A very large camera is on its way to the Andes mountain range. The size of a small car and weighing 2.8 tonnes, the device will be installed on a telescope under construction and will allow the sky to be scanned like never before. It must be installed in the coming days at the Vera C. Rubin Observatory, named after the American astronomer who discovered dark matter, which is located at an altitude of 2,700 m.

The device will have a 3,200-megapixel digital sensor, and to see one of its images will require more than 300 medium-sized high-definition televisions combined. Once installed on its base under the very pure sky of the Chilean Andes, this LSST camera (Legacy Survey of Space and Time) will have ten years to make the most precise film of the universe within its reach, which it will record night after night with a record resolution of three billion pixels. “The objective is to observe the universe from one’s childhood until today”explains Pierre Antilogus, responsible for the CNRS for the French contribution to this camera, within the IN2P3 laboratory.

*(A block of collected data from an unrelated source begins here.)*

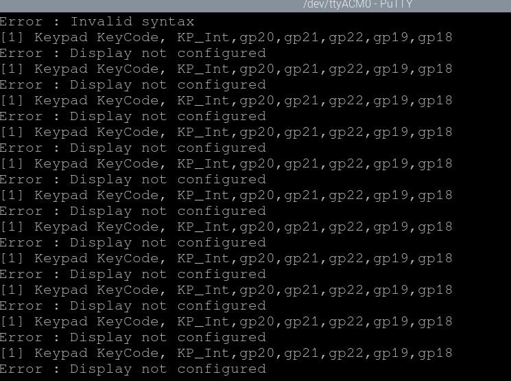 Hello, I think I found a bug... can anyone confirm this? I was trying the Keypad feature, see for yourself: ![]() ![]() ![]() I tried also tried a different syntax, always the same. I am using as you can see a 128x64 LCD... Because of the "display error" in Putty I also tried to do something like: option display 24,80 Problem persists. I have a 2 row by 3 column keypad.. I don't know what I am doing wrong. row1 is: GP20 row2 is: GP21 col1 is: GP22 col2 is: GP19 col3 is: GP18 Greetings Daniel |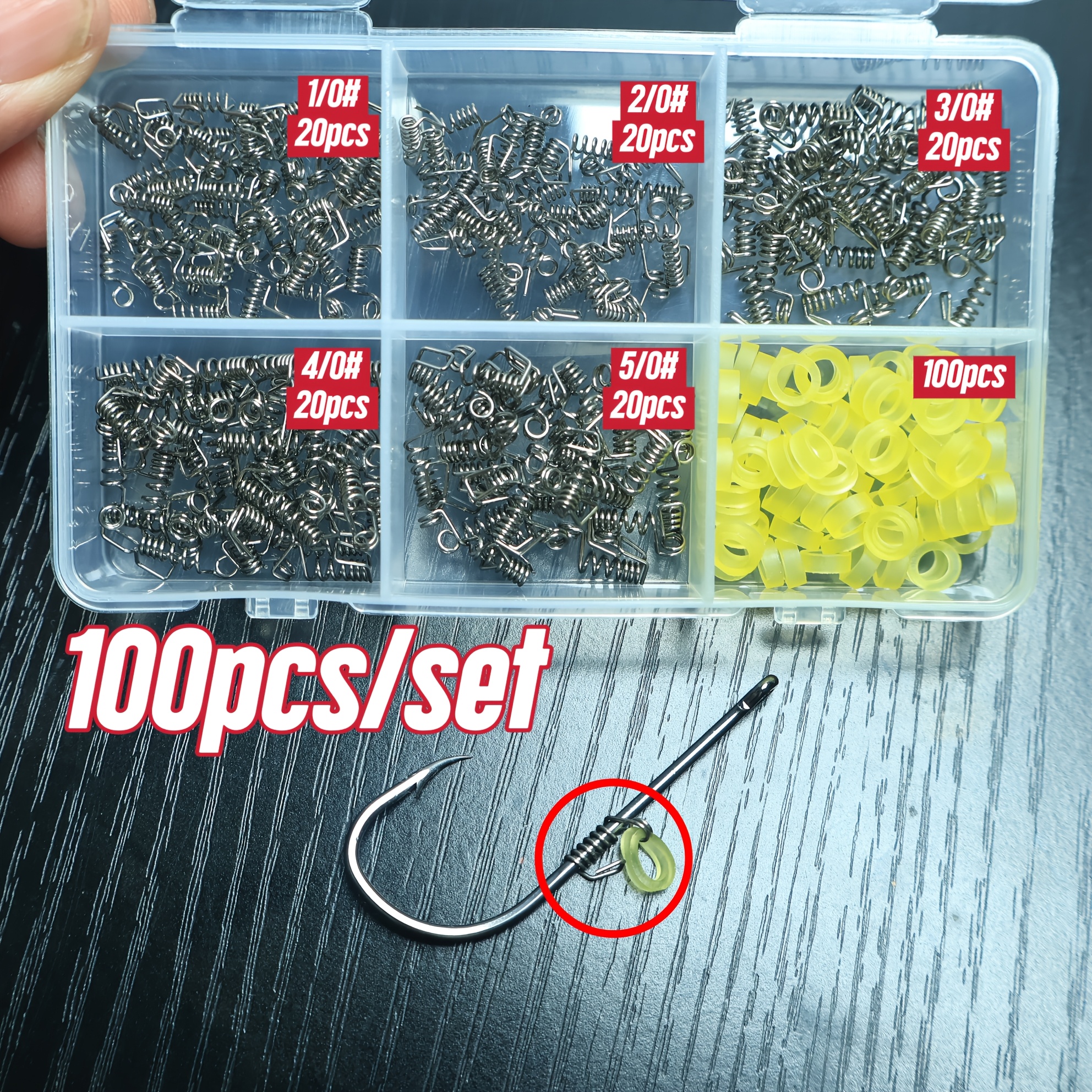 TEMU 100개/세트 새우 후크 스프링 고무 밴드 새우 뒷꿈치 후크 추가 스프링 클립 암초 낚시 배 낚시 루어 그루퍼 새우 낚시 장비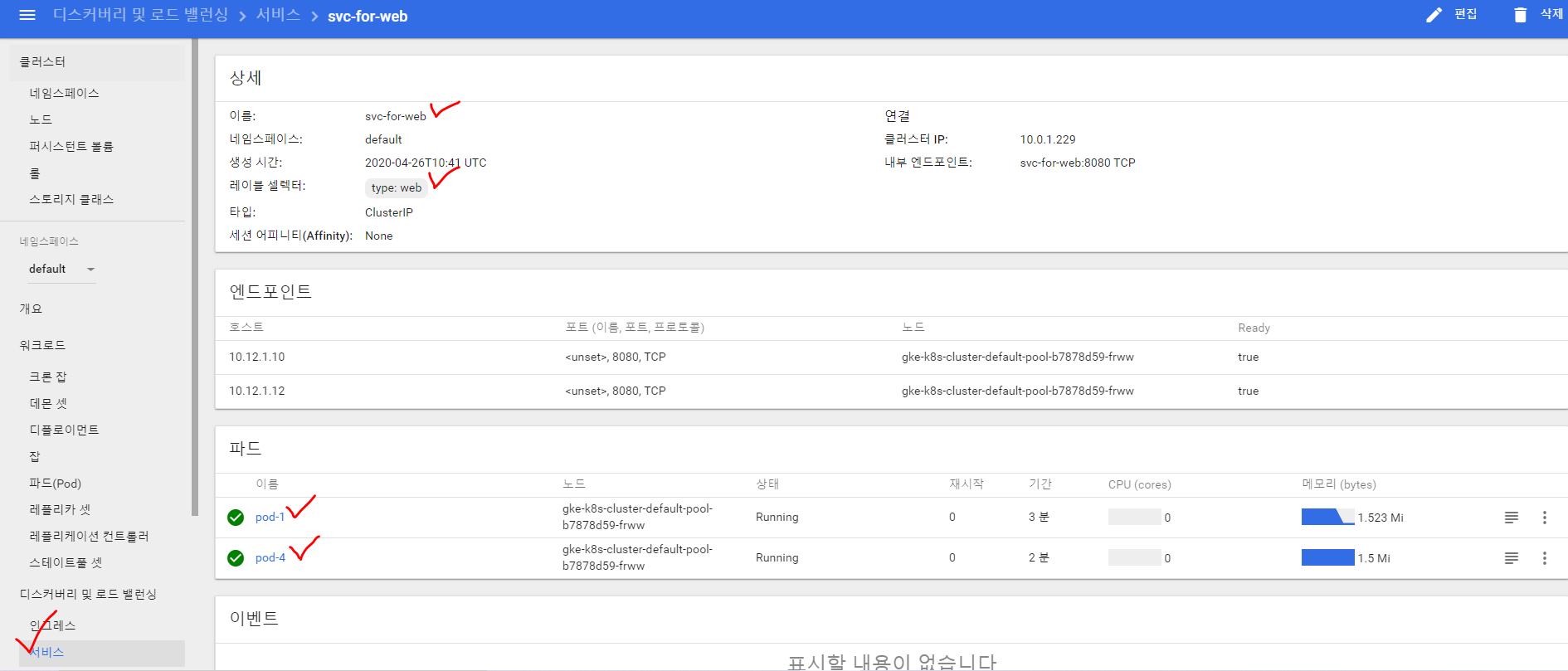 Service에 파드 부분을 보면 type이 web인 파드들을 포함하고 있는 것을 확인할 수 있습니다.

“The LSST will not only reconstruct the universe in its entire volume, but also see cataclysmic astrophysical phenomena, supernova explosions, active galactic nuclei or the asteroids of our solar system.”

Pierre Antilogus, CNRS

at franceinfo

The other objective for researchers is to better understand two major components of our universe: dark matter and energy. They are invisible to our eyes but whose effects we can observe. “The history of the universe can be summarized in a fight between dark energy which is the engine of the expansion of the universe and dark matter which gravitationally dominates the Universe which tends to slow down its expansionexplains Pierre Antilogus. There remain two big questions today to understand what these components are which represent more than 95% of the content of the universe and about which we know so little.”

Costing around $800 million, the giant camera will begin taking its first images during the first half of 2025.